## [EXTRACTED DATA]
::::::::
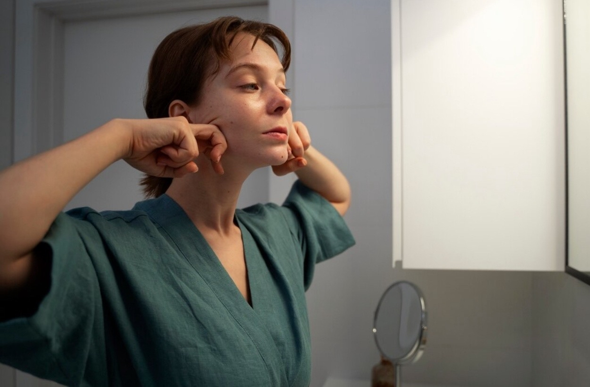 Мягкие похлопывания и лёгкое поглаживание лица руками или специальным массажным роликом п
::::::::
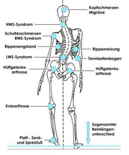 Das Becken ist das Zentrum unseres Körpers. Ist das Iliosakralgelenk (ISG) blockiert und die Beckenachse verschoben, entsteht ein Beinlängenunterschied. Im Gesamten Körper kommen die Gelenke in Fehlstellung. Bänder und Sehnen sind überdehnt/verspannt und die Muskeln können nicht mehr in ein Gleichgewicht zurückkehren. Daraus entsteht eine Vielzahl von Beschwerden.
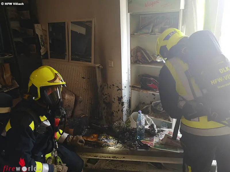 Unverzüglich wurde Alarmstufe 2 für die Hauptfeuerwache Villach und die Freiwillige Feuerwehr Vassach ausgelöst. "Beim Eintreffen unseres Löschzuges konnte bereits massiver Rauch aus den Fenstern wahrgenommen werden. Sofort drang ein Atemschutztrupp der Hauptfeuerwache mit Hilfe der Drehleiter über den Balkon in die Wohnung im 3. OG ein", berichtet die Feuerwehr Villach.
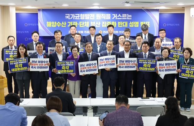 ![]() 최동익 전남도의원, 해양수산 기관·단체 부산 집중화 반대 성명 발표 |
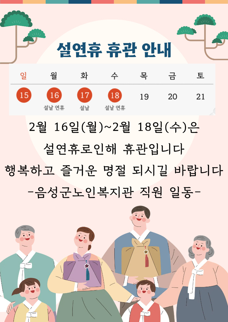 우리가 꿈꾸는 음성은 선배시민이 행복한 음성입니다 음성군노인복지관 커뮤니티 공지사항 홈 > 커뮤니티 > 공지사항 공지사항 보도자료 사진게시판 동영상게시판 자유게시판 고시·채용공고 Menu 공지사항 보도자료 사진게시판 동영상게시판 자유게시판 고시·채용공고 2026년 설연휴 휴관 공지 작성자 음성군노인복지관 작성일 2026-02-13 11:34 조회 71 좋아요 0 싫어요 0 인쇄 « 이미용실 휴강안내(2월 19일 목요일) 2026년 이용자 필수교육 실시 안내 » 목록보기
::::::::
## [WHAT IS BEING ASKED]
Among the lines above, the one with "Unverzüglich wurde Alarmstufe" opens the part to repeat and the one with "우리가 꿈꾸는 음성은" closes it; repeat only that part exactly, with no pictures.

## [SOLUTION TO THIS PROBLEM]
 Unverzüglich wurde Alarmstufe 2 für die Hauptfeuerwache Villach und die Freiwillige Feuerwehr Vassach ausgelöst. "Beim Eintreffen unseres Löschzuges konnte bereits massiver Rauch aus den Fenstern wahrgenommen werden. Sofort drang ein Atemschutztrupp der Hauptfeuerwache mit Hilfe der Drehleiter über den Balkon in die Wohnung im 3. OG ein", berichtet die Feuerwehr Villach.
 ![]() 최동익 전남도의원, 해양수산 기관·단체 부산 집중화 반대 성명 발표 |
 우리가 꿈꾸는 음성은 선배시민이 행복한 음성입니다 음성군노인복지관 커뮤니티 공지사항 홈 > 커뮤니티 > 공지사항 공지사항 보도자료 사진게시판 동영상게시판 자유게시판 고시·채용공고 Menu 공지사항 보도자료 사진게시판 동영상게시판 자유게시판 고시·채용공고 2026년 설연휴 휴관 공지 작성자 음성군노인복지관 작성일 2026-02-13 11:34 조회 71 좋아요 0 싫어요 0 인쇄 « 이미용실 휴강안내(2월 19일 목요일) 2026년 이용자 필수교육 실시 안내 » 목록보기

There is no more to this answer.